Make better use of dead time. I have gotten good enough at operating that I'm feeling a bit antsy while the rig is calling CQ, or there are no callers. I used slow times to pounce around the bandmap and work stations I hadn't worked yet, then Alt-Q back to my CQ frequency. I think I might be ready to try SO2R. Maybe I'll play around with SO2V using my K3's subreceiver in the next minor contest?
Get better at finding a good run frequency. Especially on 20 meters, it was hard to know if I'd picked a good or bad run frequency. Sometimes I could tell that I'd chosen a frequency near a loud station that was in my skip zone because I could hear the other side of his QSOs (I call this "QSO backscatter").

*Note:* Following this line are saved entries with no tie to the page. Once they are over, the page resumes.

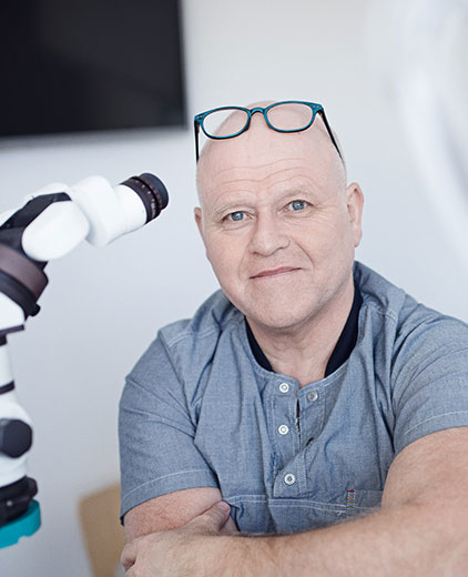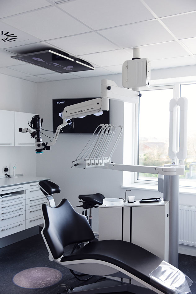Ved endodontiske behandlinger benyttes mikroskop og kofferdam, og ofte sandblæses der for at lokalisere oblitererede kanaler. Og når vi laver en kompositfyldning, så anvender vi kofferdam og sandblæser hullet, inden vi bonder og fylder kaviteten. Når det er lavet sådan, giver jeg gerne folk en garanti for, at det holder i hvert fald så længe, jeg lever,” fortæller tandlægen entusiastisk.
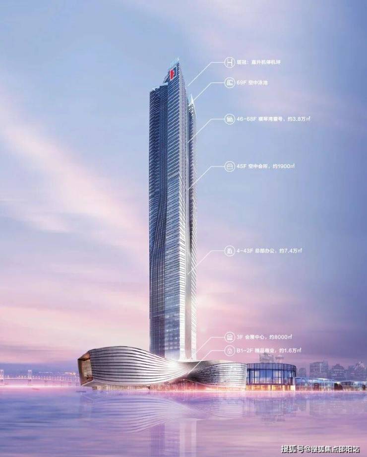 IFC横琴国际金融中心:建筑高度339米,是珠澳第一高楼。华发集团连袂凯达环球Aedas以“乘风驭势,蛟龙出海”为理念,寓意着新生力量磅礴跃起。占地面积约2.3万㎡,总建筑面积约20万㎡,集甲级写字楼、高端住宅、高端商业、会展中心、空中会所等多元高端业态,共69层,其中:
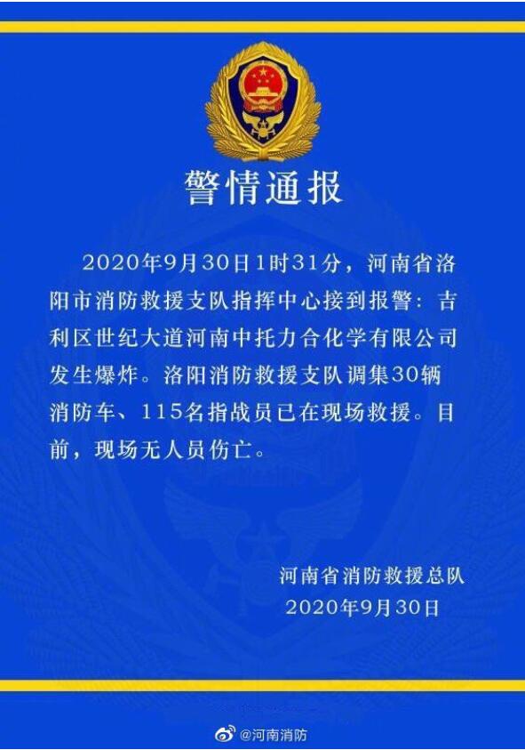 据河南省消防救援总队官方微博9月30日消息,30日1时31分,河南省洛阳市消防救援支队指挥中心接到报警:吉利区世纪大道河南中托力合化学有限公司发生爆炸。洛阳消防救援支队调集30辆消防车、115名指战员已在现场救援。目前,现场无人员伤亡。原标题:突发!河南洛阳一化工企业发生爆炸
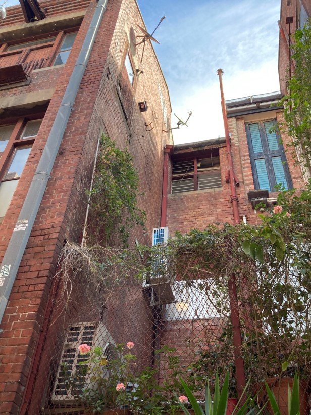 St Paul’s cathedral top corner (right) and Young and Jackson’s pub top corner (left)
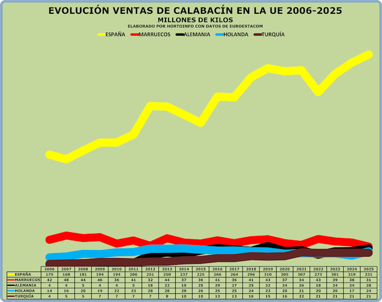 En 2025 España ha vendido en los mercados de la UE 331,34 millones de kilos de calabacín, seguida por Marruecos con 31,2 millones. En los últimos 20 años España ha aumentado un 89,5% la venta de calabacín en la UE, mientras que Marruecos las ha reducido un -25,23%
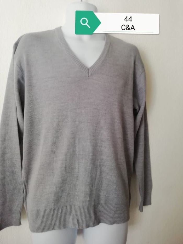 Pull mailles fines homme taille 44 Étiquette taille italienne, soit 44 France Aisselle a aisselle 55 cm En excellent état comme neuf Marque C&A. Gris clair. Vous pouvez cliquer sur le lien ci-dessous pour voir tout mon 44 #Patnimestaille44homme
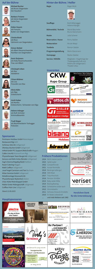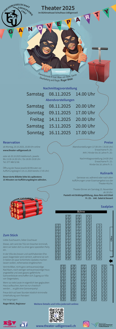Willkommen bei der Theatergesellschaft Udligenswil. Humor ist die beste Medizin. Und mit diesem Lebenselexier begeistert die TGU seit 1982 das Publikum.
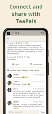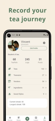 MyTeaPal er mer enn bare et personlig verktøy; det er også en bro til andre te-entusiaster. Koble deg med venner, del smaksnotater og bygg ditt eget te-fellesskap, og få daglige påminnelser for å etablere en mindful te-rutine. Nyt tryggheten ved at alle dine data og bilder synkroniseres sømløst på tvers av enheter. Vincent, Founder of MyTeaPal, skapte denne appen ut av et genuint ønske om å gi te-elskere det komplette verktøyet han selv savnet – en plattform som feirer hver eneste slurk og hvert eneste minne. La MyTeaPal veilede deg til en dypere forståelse og større glede i din daglige te-seremoni. Velkommen til et fellesskap hvor din te-reise er i fokus.
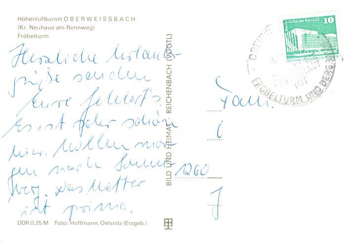 73904097 alte Postkarte Oberweissbach Froebelturm postalisch gelaufen Erhaltung siehe scans [WerneD78] KatCode: 11110016073065
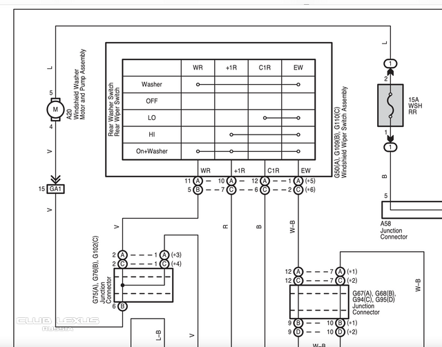 Поскольку при включении омывателя задний дворник включается, делаю вывод что переключатель исправен и дело в проводке между разъемом G75 и G76 и насосом.
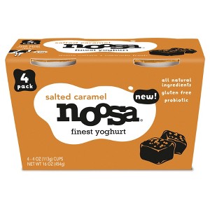 A box of Noosa yogurt with a new label design. The box is orange with a white background and features a black and white illustration of a yogurt cup with a spoon. The label has a new logo and text that reads 'SALTED CARAMEL' and 'FINEST YOGHURT'. There are four compartments in the box, each containing a different flavor of yogurt. The packaging includes a 'NEW!' tag and a list of ingredients. | noosa Yoghurt | 0ffed86497edc97d83b07f798428d551bfd1524ed1ef2df90822550ba1228fcc | 000000022315 | 0 | 0 | 72 | 2 | 0 | 0 | |
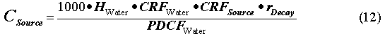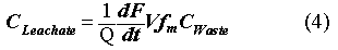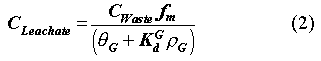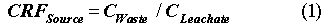 where CWaste is the concentration in the waste form for each radionuclide averaged over the entire volume of waste in the disposal facility (µCi/L), and CLeachate is the corresponding concentration in the leachate for each radionuclide as it exits the bottom of the disposal facility (µCi/L).
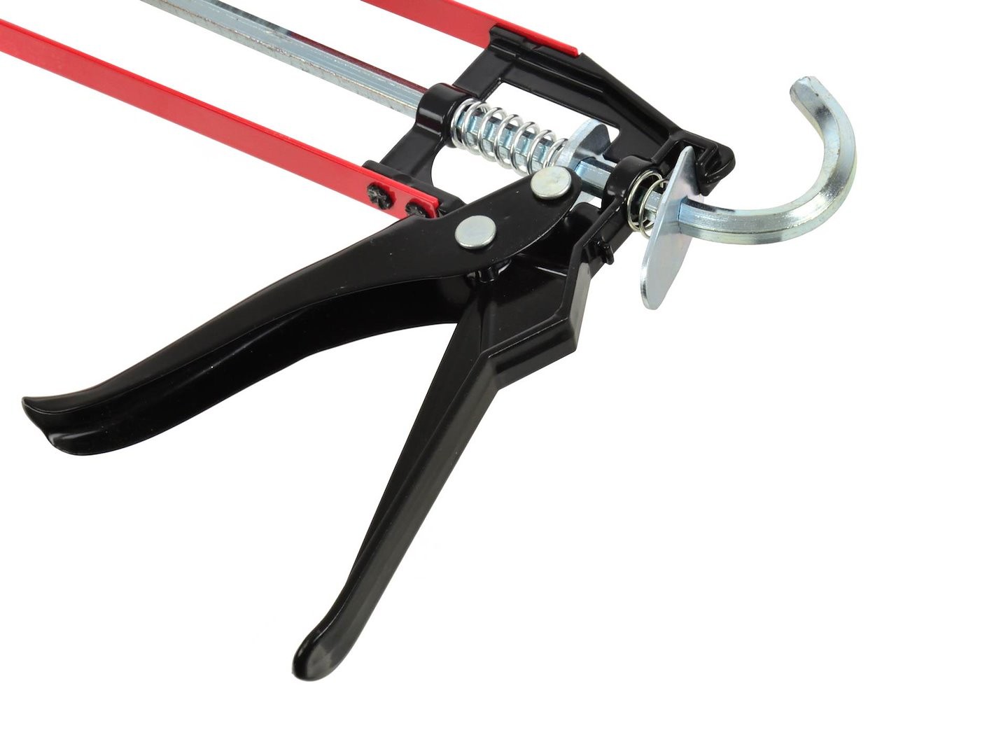Szkieletowy wyciskacz do silikonów, przeznaczony do tub o pojemności ok. 300 ml. Posiada sześciokątny trzpień z bezstopniowym posuwem, co usprawnia pracę.
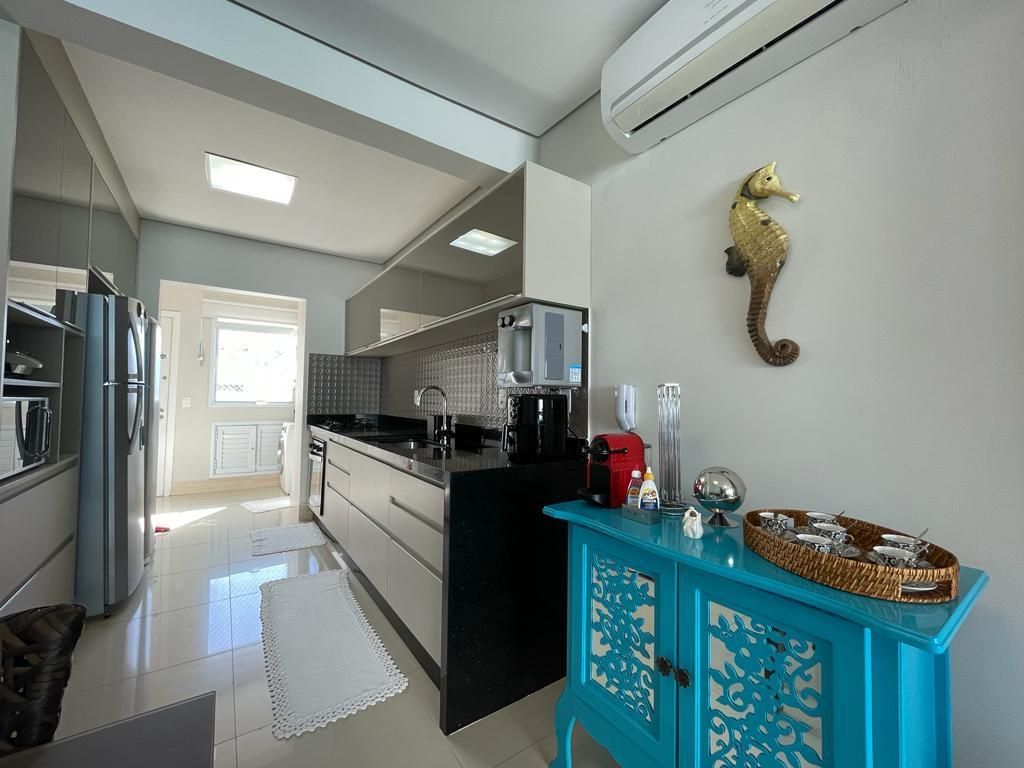 Lindo apartamento pé na areia, com 3 dormitórios, sendo 1 suíte, todos com armários embutidos, ar-condicionado e terraço, Living para 2 ambientes com ar-condicionado, 1 WC social, cozinha americana com armários, completa, ampla sacada com churrasqueira, fechamento de vidro, área de serviço, área útil de 96,52 m2, 2 vagas de garagem. *Mobiliado – Retira máquina de lavar, máquina de secar, cafeteira, enfeites, filtro, microondas, quadros, utensílios domésticos (cozinha) e objetos pessoais.

Other times, though, my rate was miserable and I wasn't sure why.
Historical Sweepstakes Scores
Here are the scores from every SS I've entered (my old calls were WB8YVI and KC8ES). What's nice is that this year I beat the score of every multi I've ever done.
|1979||CW||105,376||712||74||23||B||W8UM||K8LF, KB8EQ, WB8YVI|
|1979||Phone||144,440||976||74||24||B||W8UM||K8LF, KB8EQ, WB8YVI, AG9V|
|1980||Phone||83,776||616||68||18||B||W8UM||AG9V, K8KA, KA8DXR, WB8YVI, WD8DFS|
|1981||CW||64,740||498||65||24||A||W8UM||HP1EI, KA8DXR, KC8ES, KM8I*, N8DB, WD8DPA, WD8JFC, WD8OKN|
|1981||Phone||65,376||454||72||24||B||W8UM||KA8OCF, KC8ES, KC8LX, N6BGM, WD8DPA|
|1982||Phone||103,248||717||77||24||B||W8UM||KA8???, KC8ES, KC8LX, KM8I, KT8K, WD8DPA, WD8DFS|
|2010||CW||190,438||1215||77, 79||24.5||U (high)||KM6I, NW6H||KM6I|
* No, that's not a typo. KM8I is Al Plant, now N5UM. It's just a total coincidence I got the vanity call KM6I recently.